▸ **Description of the task**
For this exercise, copy the data exactly and omit any images.

▸ **Source data**
━━━━━━━━━━━━━━━━━━━━
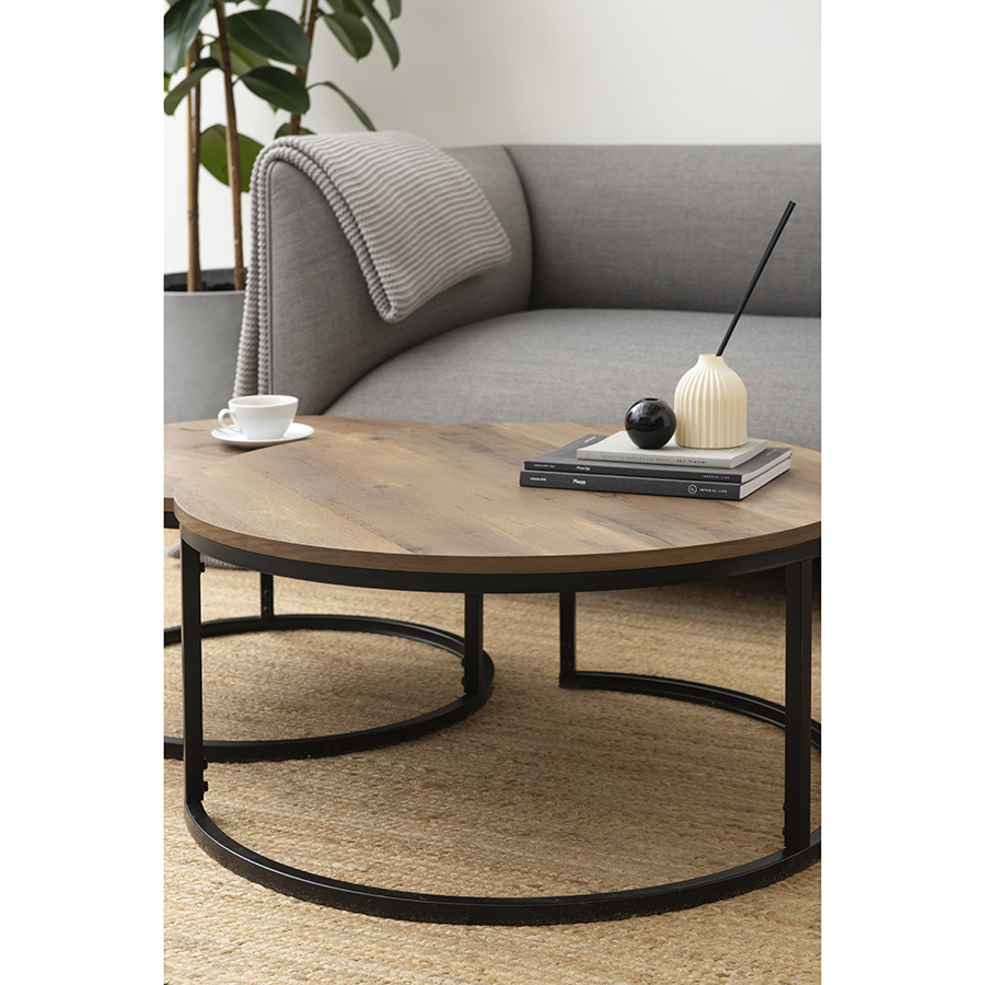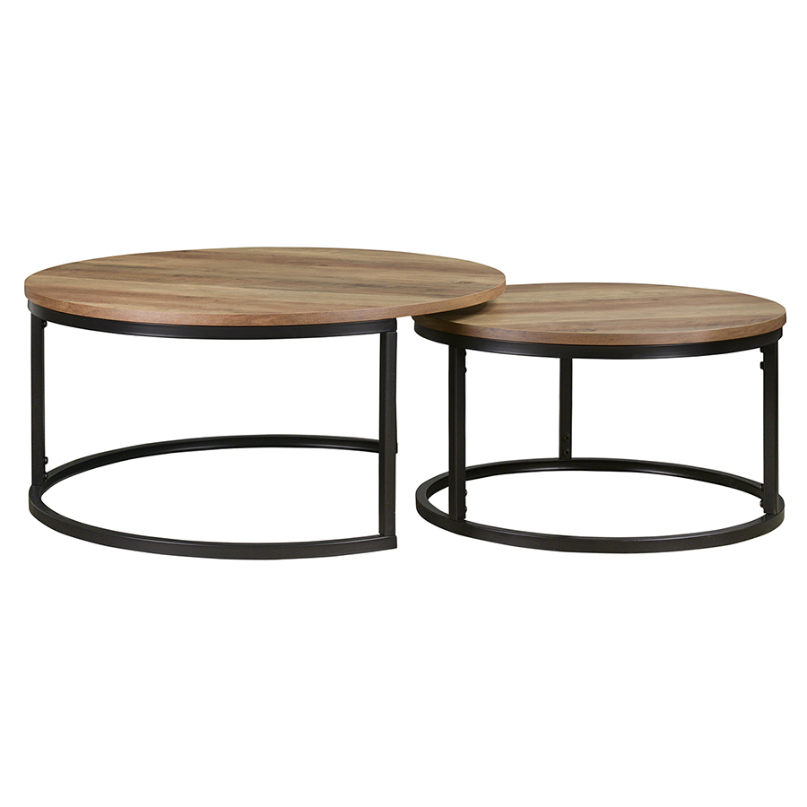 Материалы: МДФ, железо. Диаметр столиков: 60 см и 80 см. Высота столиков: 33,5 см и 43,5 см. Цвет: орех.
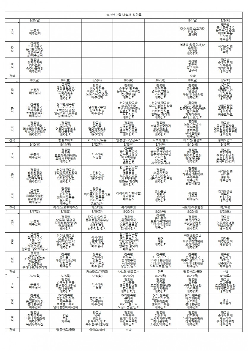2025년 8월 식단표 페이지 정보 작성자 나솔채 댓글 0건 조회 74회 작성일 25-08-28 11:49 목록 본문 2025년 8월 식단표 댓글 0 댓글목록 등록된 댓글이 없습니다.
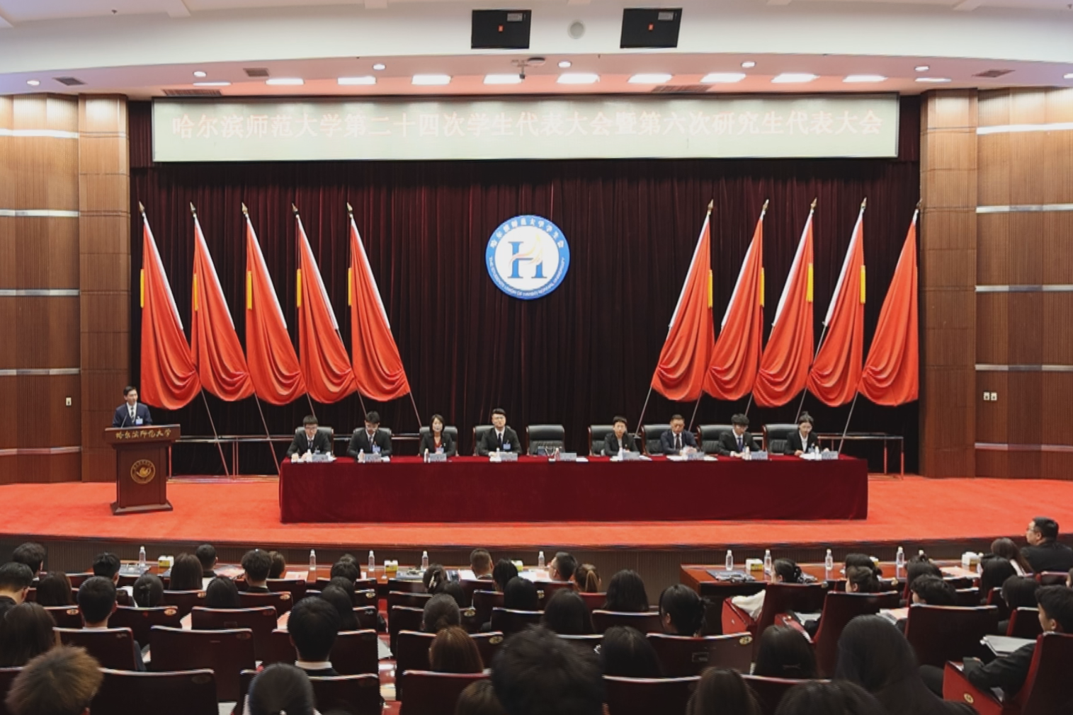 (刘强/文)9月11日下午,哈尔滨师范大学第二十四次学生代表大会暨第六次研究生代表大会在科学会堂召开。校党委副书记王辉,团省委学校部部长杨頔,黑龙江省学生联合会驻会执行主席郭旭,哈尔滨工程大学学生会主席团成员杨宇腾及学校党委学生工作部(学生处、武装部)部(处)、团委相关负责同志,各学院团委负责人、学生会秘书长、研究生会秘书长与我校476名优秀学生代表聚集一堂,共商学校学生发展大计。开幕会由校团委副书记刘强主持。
━━━━━━━━━━━━━━━━━━━━
▸ **Result below**
 Материалы: МДФ, железо. Диаметр столиков: 60 см и 80 см. Высота столиков: 33,5 см и 43,5 см. Цвет: орех.
2025년 8월 식단표 페이지 정보 작성자 나솔채 댓글 0건 조회 74회 작성일 25-08-28 11:49 목록 본문 2025년 8월 식단표 댓글 0 댓글목록 등록된 댓글이 없습니다.
 (刘强/文)9月11日下午,哈尔滨师范大学第二十四次学生代表大会暨第六次研究生代表大会在科学会堂召开。校党委副书记王辉,团省委学校部部长杨頔,黑龙江省学生联合会驻会执行主席郭旭,哈尔滨工程大学学生会主席团成员杨宇腾及学校党委学生工作部(学生处、武装部)部(处)、团委相关负责同志,各学院团委负责人、学生会秘书长、研究生会秘书长与我校476名优秀学生代表聚集一堂,共商学校学生发展大计。开幕会由校团委副书记刘强主持。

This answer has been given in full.